Second moment of area of a hollow cylindrical arc

[NancyHadad]

Homework Statement

I need to find the second moment of area for a hollow cylindrical arc. When I searched the web, they had formulas for several shapes but I couldn't find this one The profile of my part is a little unusual as follows:
R: Outer Radius = 35.089"
r: Inner Radius = 35.050"
(ie the material is 1mm thick)
The angle of arc is only 10 degrees (so the arc length is only about 6 inches, ie the width of my part is only about 6 inches). The length of my part is 5'7", so the reason why I need the second moment of area, is because I'm trying to figure out how much deflection this very long, thin part will have in the middle, if it is supported on both ends.

Homework Equations

I know that, the second moment of area for hollow cylindrical cross section is:

(Pie/64) * (D4 - d4)

where D is the Ouside Diameter and d is the Inside Diameter.

The Attempt at a Solution

I found the second moment of area for half a hollow cylindrical cross section (long complicated equation that I don't want to enter in here but only variables in the equation are R and r (Outside and inside radii).

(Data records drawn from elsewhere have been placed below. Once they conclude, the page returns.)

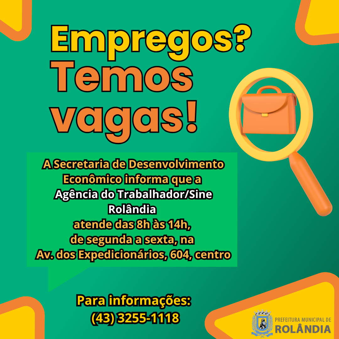 Vagas de Emprego Sine Rolândia 31/01/2026 1. Abatedor/AVES/FRANGO AGOSTO 2. Ajudante de açougueiro/Mercado 3. Ajudante de cozinha/JBS/SEARA 4. Assistente de vendas/INTERNET 5. Auxiliar administrativo 6. Auxiliar d...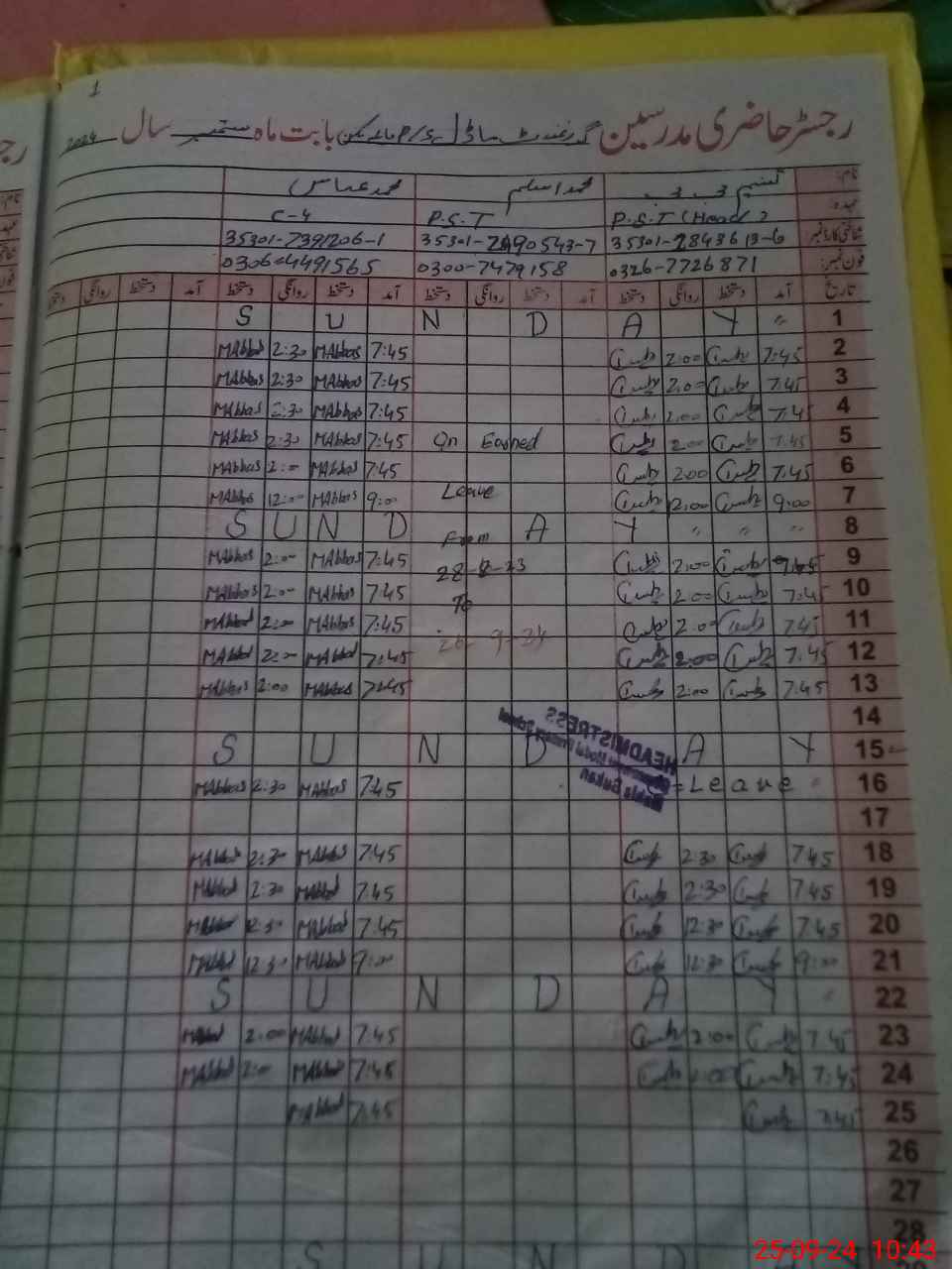 | Name: Ta**** Bi**** Designation: (School Headmaster's/Headmistress's) PST Phone/Cell Number: 03**** |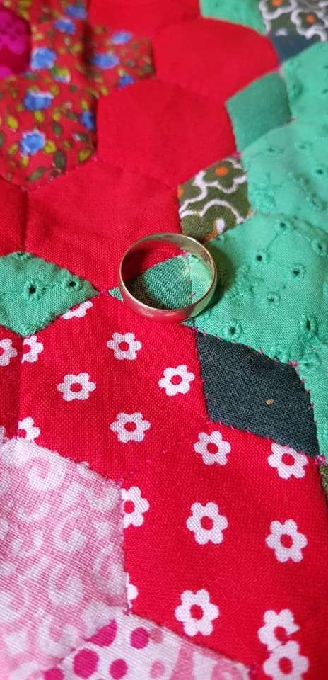 Tänaseks olen ühendanud 51 kuusnurkset lille. Nendega läheb tegelikult suht kiiresti. Iga väike kuusnurk tuleb lõigata kangast, sobitada lille värvid, õmmelda papile, õmmelda mustrisse, võtta papp tagant ära. Kokku läheb ühe lillega umbes 2 tundi. Tõeliselt aeganõudvad on aga väikesed rombid ja kolmnurgad nende vahel! Sest need on nii tillukesed, et sama hulga tööga lisandub lihtsalt nii vähe uut valmis pinda. Lisasin võrdluseks ühele fotole oma abielusõrmuse- vahekolmnurgad on umbes selle sisemõõdu suurused. Ma pole täpselt arvutanud, aga puht matemaatiliselt on juba vähemalt 150 tundi tööd tehtud, ja kui siit tuleb abieluvoodi mõõdus tekk, siis olen omadega ilmselt veerandi peal! Lisaks ei ole ma kunagi varem käsitsi tekki teppinud, kavatsen aga siin kindlasti seda teed minna.
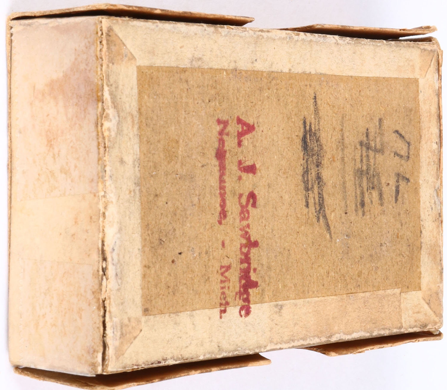 Winchester, .40 Cal, 90 Grains Powder, 370 Grains Patched Bullet, For Winchester Single Shot and Sharps Rifles, Full, 2pc. Buff box with green label & black print,, box is missing both ends of lid, has taped repaired seams, label has very good color, minor age soiling, minor edge & corner wear, label is intact, ammo is excellent. Grade: Good ++ - Value: 100 to 200

I know I have to get arc angle or length in there somehow. Help!

 

[haruspex]

The easiest way is to use the parallel axis theorem "in reverse".
Start by finding the second moment of area about the diameter.
$\int_{-\theta/2}^{\theta/2}\int_r^R(r\cos(\theta))^2r.dr.d\theta=\frac 18(R^4-r^4)(\theta+\sin(\theta))$.
It remains to subtract the area multiplied by the square of the distance from its mass centre to the diameter.